REQUIREMENT.
All of the listing, from first line to last, should be output exactly; the pictures stay out.

RECORDED DATA.
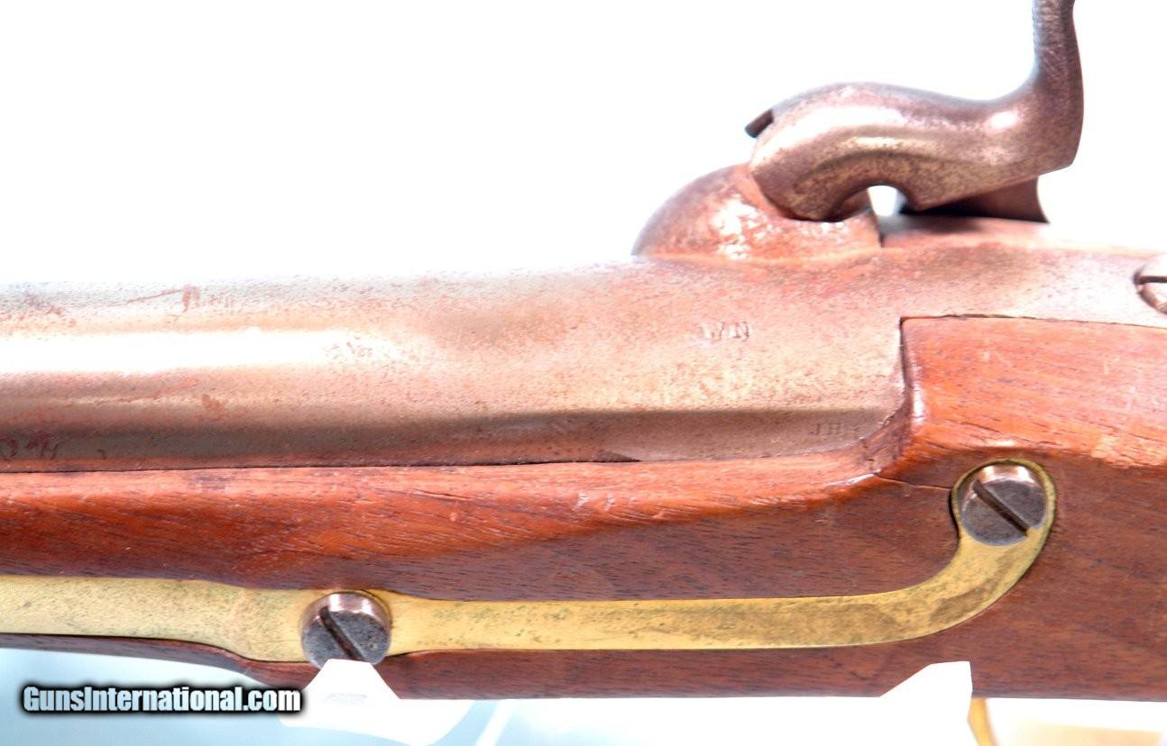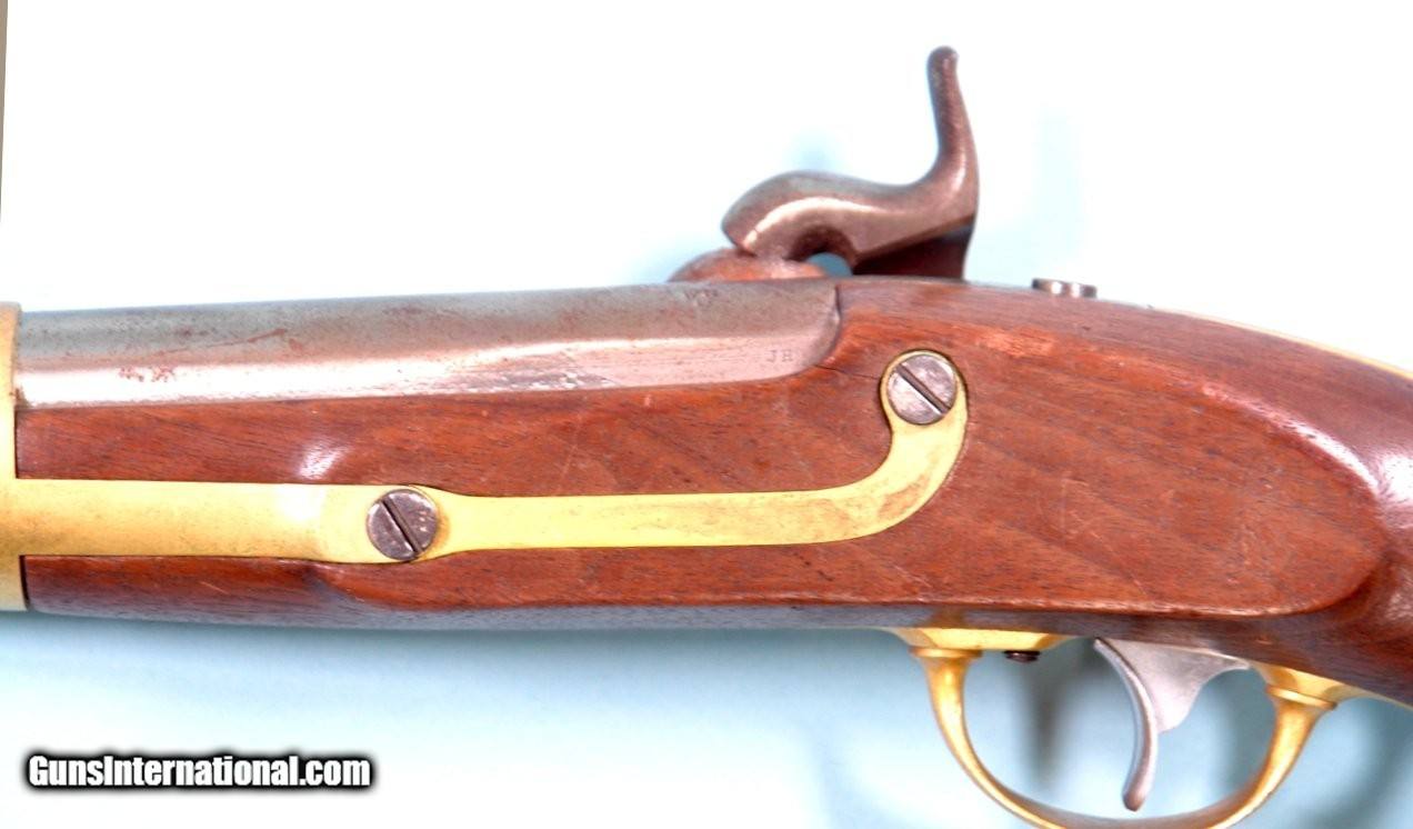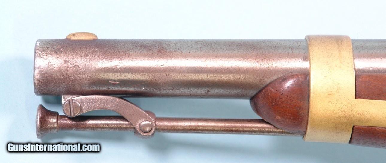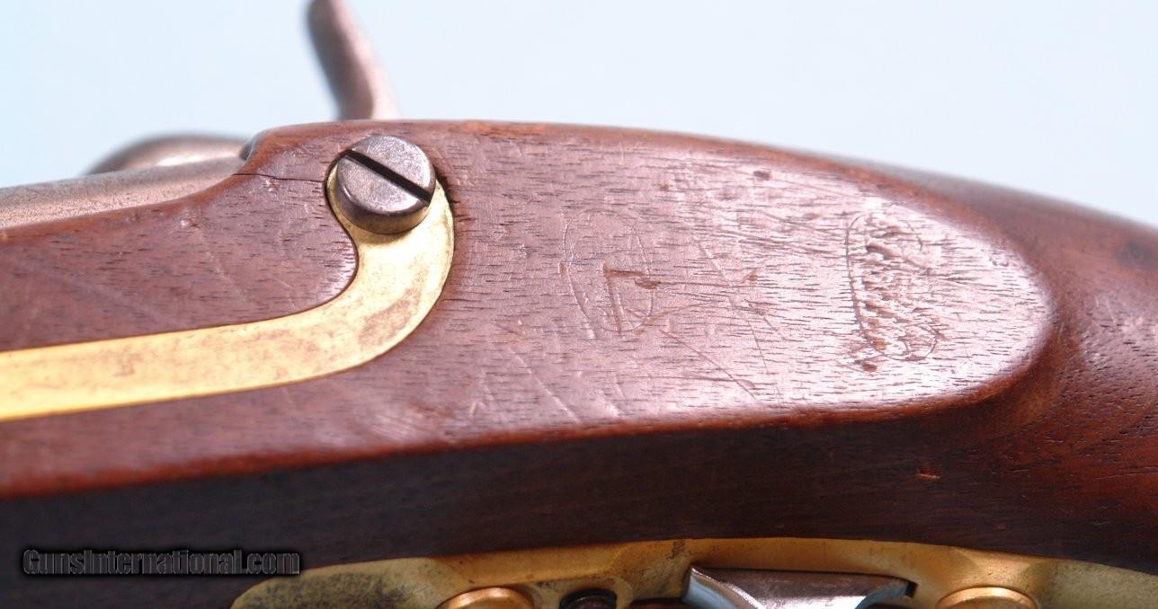 Description: H. ASTON U.S. MODEL 1842 PERCUSSION .54 CAL. SINGLE SHOT CAVALRY PISTOL DATED 1851. The standard issue pistol used before and during the Mexican War and still in use particularly in the South during the early years of the Civil War. 15” o/a with 8 ½” smoothbore barrel with “WN” Ordnance inspector’s initial stamp at left breech. All original with lock stamped “U.S./H. ASTON & CO.” and “MIDDTN/CONN./1851”. Complete with the stirrup steel ramrod original Very good with metal a light grey patina with very light salt and pepper. Stock with visible “WAT” cartouche. Old very fine hairline crack just above the butt cap but wood much above average for one of these. Lock in working order. Nipple with wear and moderate corrosion. Fair to good bore. Reasonably priced. SOLD Antique: Yes |
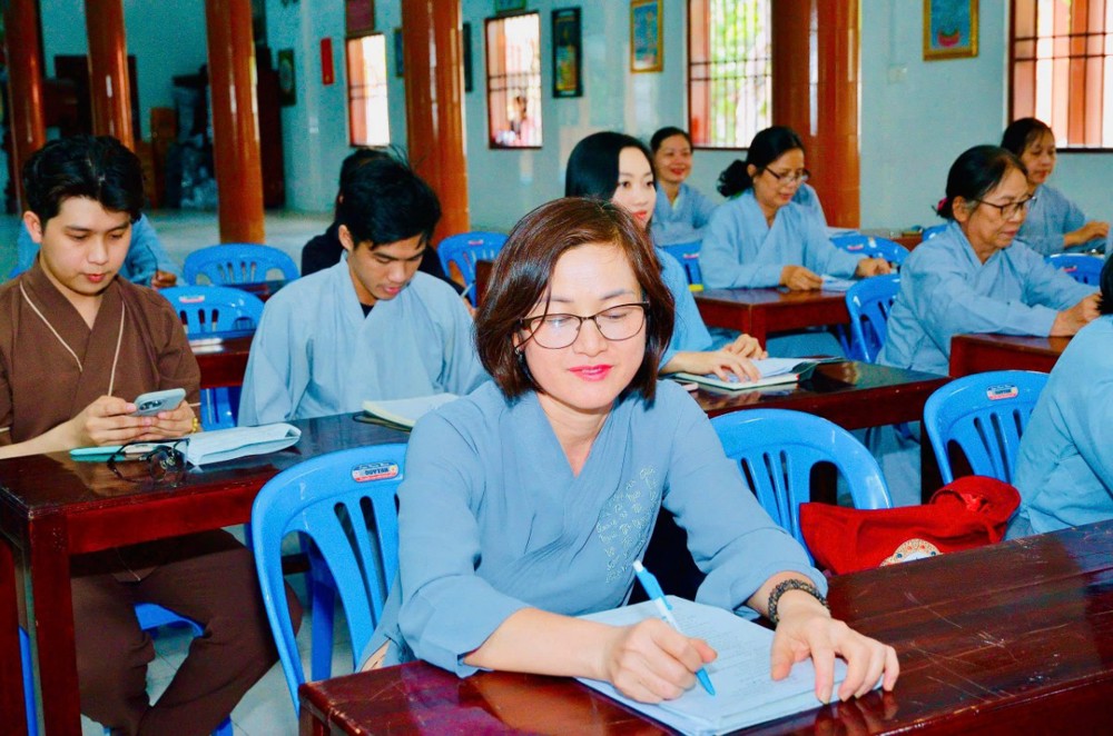 Sau phần đạo từ, Thượng toạ Hiệu trưởng đã trao đề thi. Quý học viên bước vào kỳ thi mãn khoá trong tinh thần nghiêm túc và hoan hỷ.
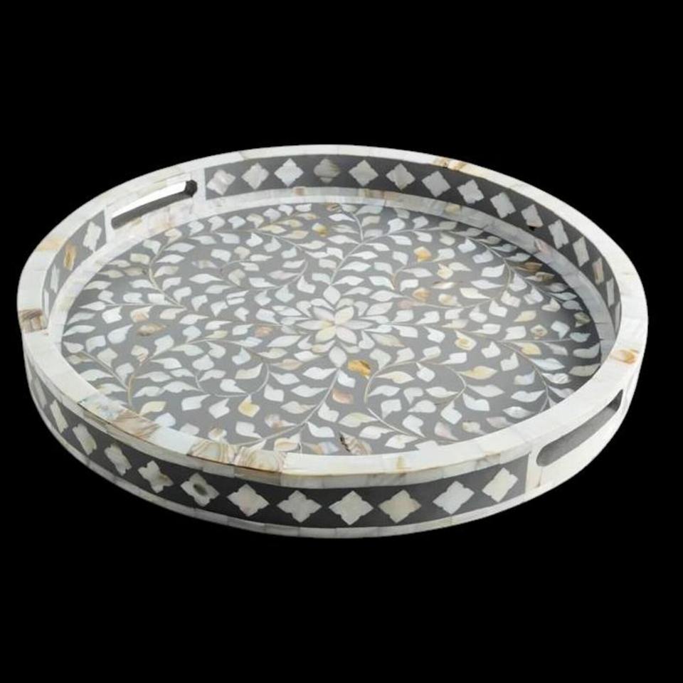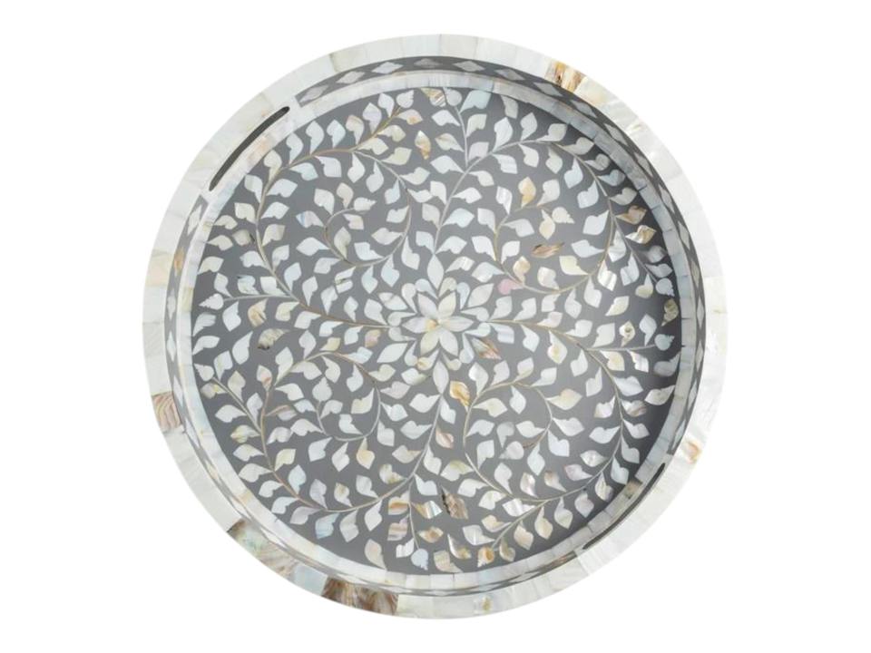 ถาดฝังกระดูกไม้ทรงกลมดีไซน์เนอร์สีเทาสำหรับตกแต่งบ้านและให้เป็นของขวัญจากอินเดีย
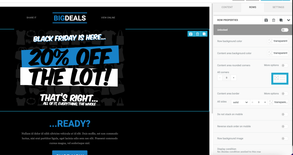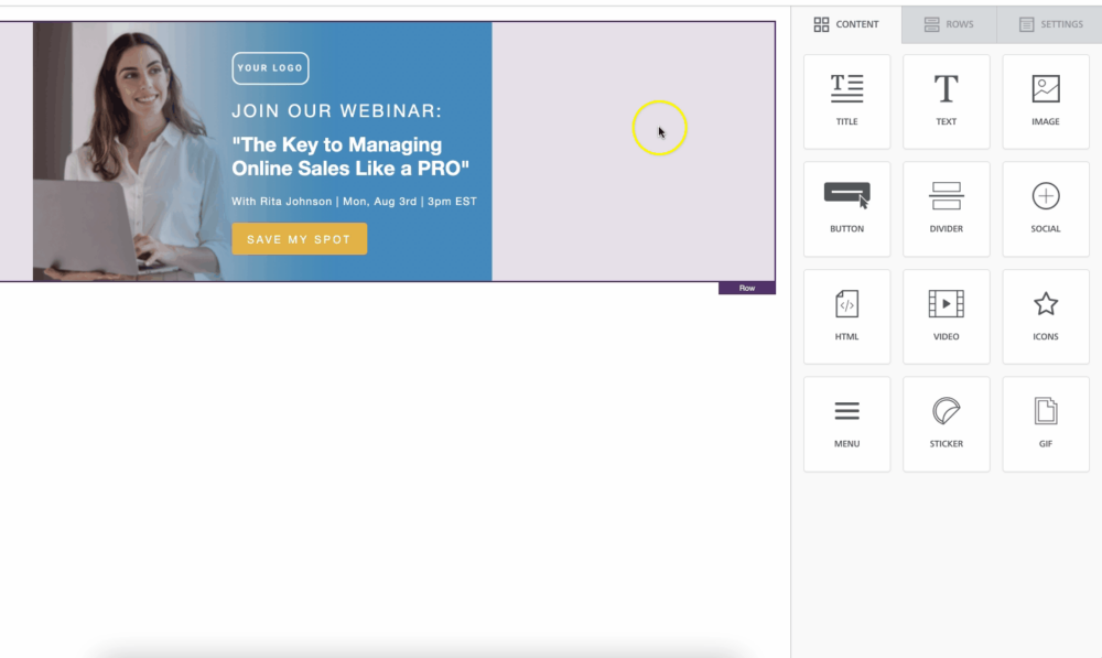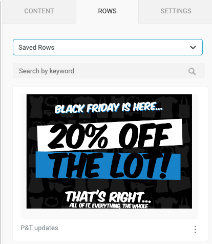 - When creating a new email, click on the “Row“ tab and select your Saved Row:

EXERCISE RESPONSE.
 Description: H. ASTON U.S. MODEL 1842 PERCUSSION .54 CAL. SINGLE SHOT CAVALRY PISTOL DATED 1851. The standard issue pistol used before and during the Mexican War and still in use particularly in the South during the early years of the Civil War. 15” o/a with 8 ½” smoothbore barrel with “WN” Ordnance inspector’s initial stamp at left breech. All original with lock stamped “U.S./H. ASTON & CO.” and “MIDDTN/CONN./1851”. Complete with the stirrup steel ramrod original Very good with metal a light grey patina with very light salt and pepper. Stock with visible “WAT” cartouche. Old very fine hairline crack just above the butt cap but wood much above average for one of these. Lock in working order. Nipple with wear and moderate corrosion. Fair to good bore. Reasonably priced. SOLD Antique: Yes |
 Sau phần đạo từ, Thượng toạ Hiệu trưởng đã trao đề thi. Quý học viên bước vào kỳ thi mãn khoá trong tinh thần nghiêm túc và hoan hỷ.
 ถาดฝังกระดูกไม้ทรงกลมดีไซน์เนอร์สีเทาสำหรับตกแต่งบ้านและให้เป็นของขวัญจากอินเดีย
 - When creating a new email, click on the “Row“ tab and select your Saved Row:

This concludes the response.